Pebble execs welcome imminent arrival of rival Apple Watch

16.03.2015
Pebble's CEO Eric Migicovsky and CTO Andrew White have welcomed the imminent launch of the Apple Watch next month despite it being a rival product to Pebble Time.

The Silicon Valley executives made their feelings on the Apple Watch known within days of each other at conferences on different sides of the Atlantic.

Speaking at the Wearable Technology Show in London last Wednesday, White said the launch of the Apple Watch is "something that a lot of people have been thinking about ever since the first announcement last fall."

He added: "We're really excited that Apple is entering the wearables space."

Meanwhile, Migicovsky told Macworld at the South by Southwest Interactive conference in Austin, Texas, over the weekend that he's "really glad Apple is getting into this space".

Pebble is already benefiting from the arrival of the Apple Watch, which is due to be released in the UK on 24 April.

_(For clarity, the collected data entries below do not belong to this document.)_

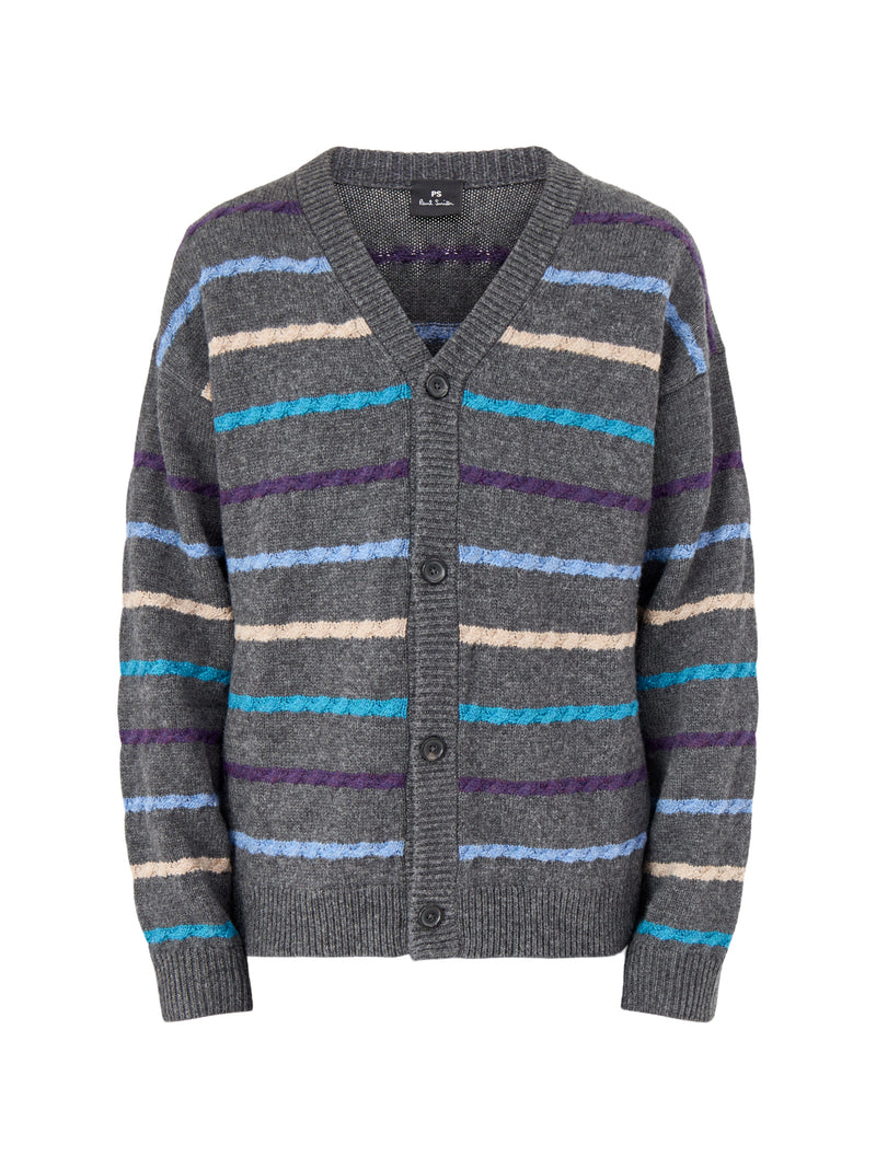 This Stripe Wool Cardigan in black combines classic style with warmth and comfort. Crafted from soft wool, it features a button-through front for easy wear and a stylish layered look.
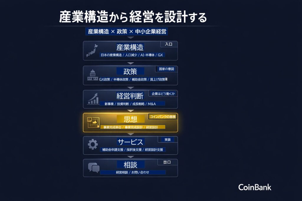 コインバンクは、産業構造・政策・中小企業経営を一つの流れで整理し、 経営判断の地図を提供します。
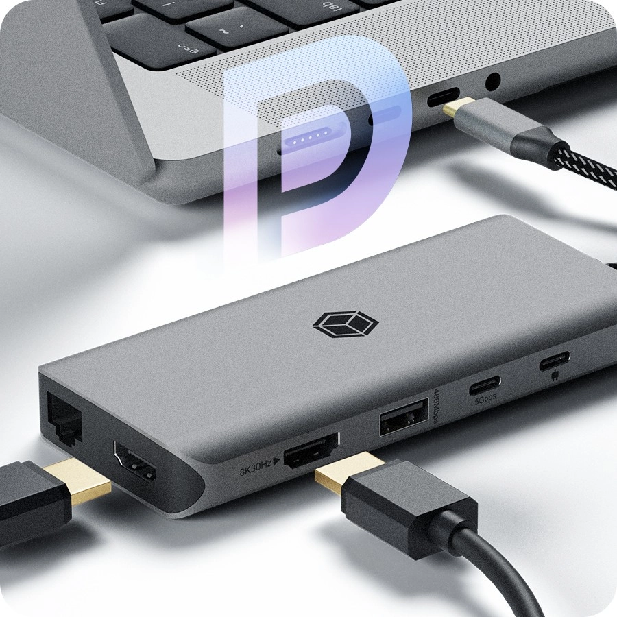 La prise en charge Power Delivery 100 W alimente l’ordinateur portable même à pleine charge tout en gérant tous les périphériques connectés. Il suffit de brancher – plug & play pour Windows, macOS et ChromeOS.

Indeed, funding for the Pebble Time Kickstarter campaign rocketed from $6,000 (£4,000) per hour on Sunday 8 March to over $10,000 (£6,700) on Monday 9 March, after the Apple event had taken place. It climbed to $16,000 (£10,800) per hour on Tuesday 10 March, following Apple's press conference.

Migicovsky told former Y Combinator lead and investor Paul Graham that Kickstarter signups doubled following the Apple event.

I asked Eric what happened to the rate of Pebble's Kickstarter signups after the Apple Watch announcement. He said it doubled.

Hardware updates for the Pebble Time were announced two weeks prior to the Apple event in San Francisco and the Kickstarter campaign broke the record for the most funded campaign of all time within hours of its launch.

At the time of writing, the campaign had 72,910 backers who had pledged over $18.5 million (£12.5 million) between them. There are 11 days to go.

"Apple's event caused a nice spike in support for us, as anticipated," Migicovsky told TechCrunch. "When the biggest company in the world enters your market, that's the kind of validation you can only dream of. Ultimately the more awareness for smartwatches, and the more choice for consumers, the better for everyone. 2015 is going to be an extraordinarily exciting year."

Pebble Time is due to be shipped with a new "timeline interface" that ditches the traditional app model most consumers have become familiar with.

White said: "The application based model works really well for smartphones but for smartwatches you're trying to do micro interactions that take 10 seconds or less or two seconds or less. Opening an app was a little too cumbersome."

The Pebble Time OS instead shows users what they should be doing, what they did in the past and what they're going to be doing in the future.